> [YOUR TASK]
Leave out the images; return the rest of the data exactly.

┌─ DATASET EXCERPT

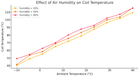 The introduction of additional ventilation openings (greater than 0.1 m2) and heat sinks has proven effective, reducing winding temperatures by approximately 30–50% under critical conditions. Air humidity also plays a substantial role: at high humidity levels (above 70%), the temperature of the windings increases by 5–10%, which is attributed to the reduced efficiency of heat dissipation due to changes in the air’s thermophysical properties.
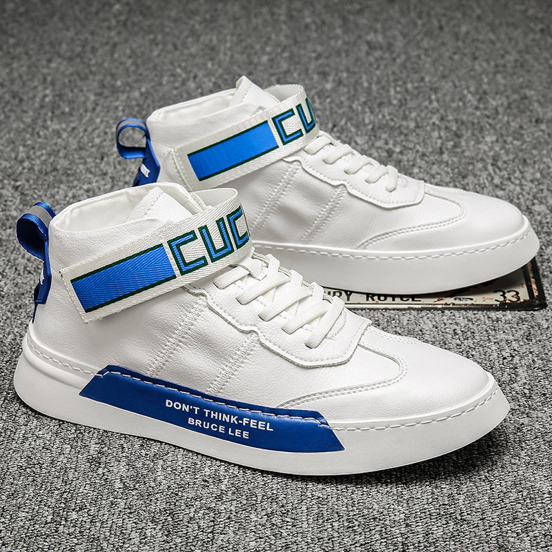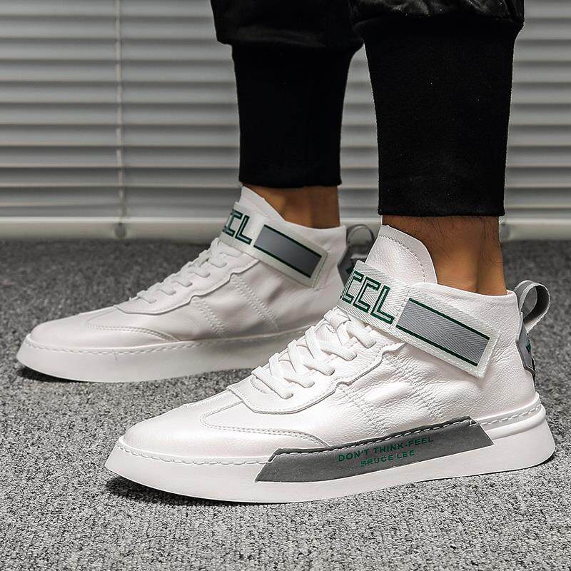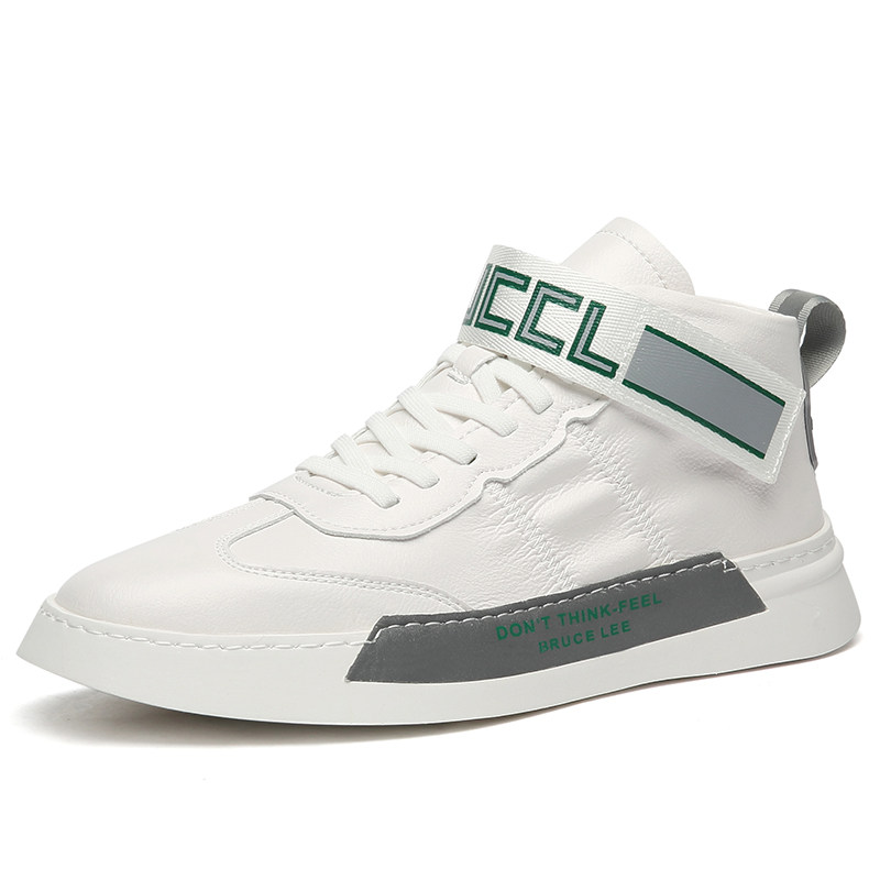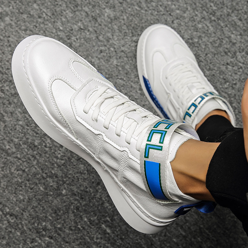 Tall white shoes men's Korean version of the new trendy shoes casual leather white shoes Velcro all-match inner heightening sports shoes
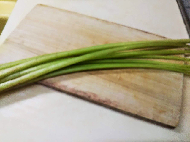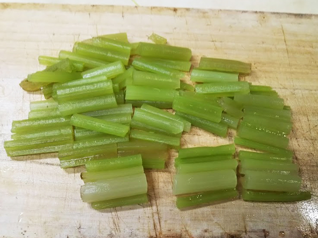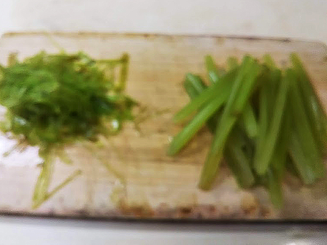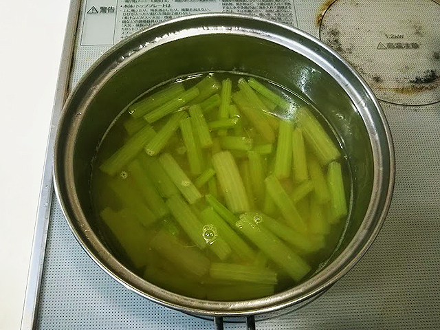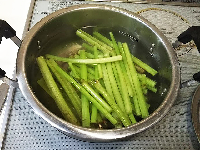 1. 蕗は鍋に入る大きさに切りそろえ、板摺をしたあと、たっぷりの湯で茹でる

└─

> [RESULT FOR THIS TASK]
 The introduction of additional ventilation openings (greater than 0.1 m2) and heat sinks has proven effective, reducing winding temperatures by approximately 30–50% under critical conditions. Air humidity also plays a substantial role: at high humidity levels (above 70%), the temperature of the windings increases by 5–10%, which is attributed to the reduced efficiency of heat dissipation due to changes in the air’s thermophysical properties.
 Tall white shoes men's Korean version of the new trendy shoes casual leather white shoes Velcro all-match inner heightening sports shoes
 1. 蕗は鍋に入る大きさに切りそろえ、板摺をしたあと、たっぷりの湯で茹でる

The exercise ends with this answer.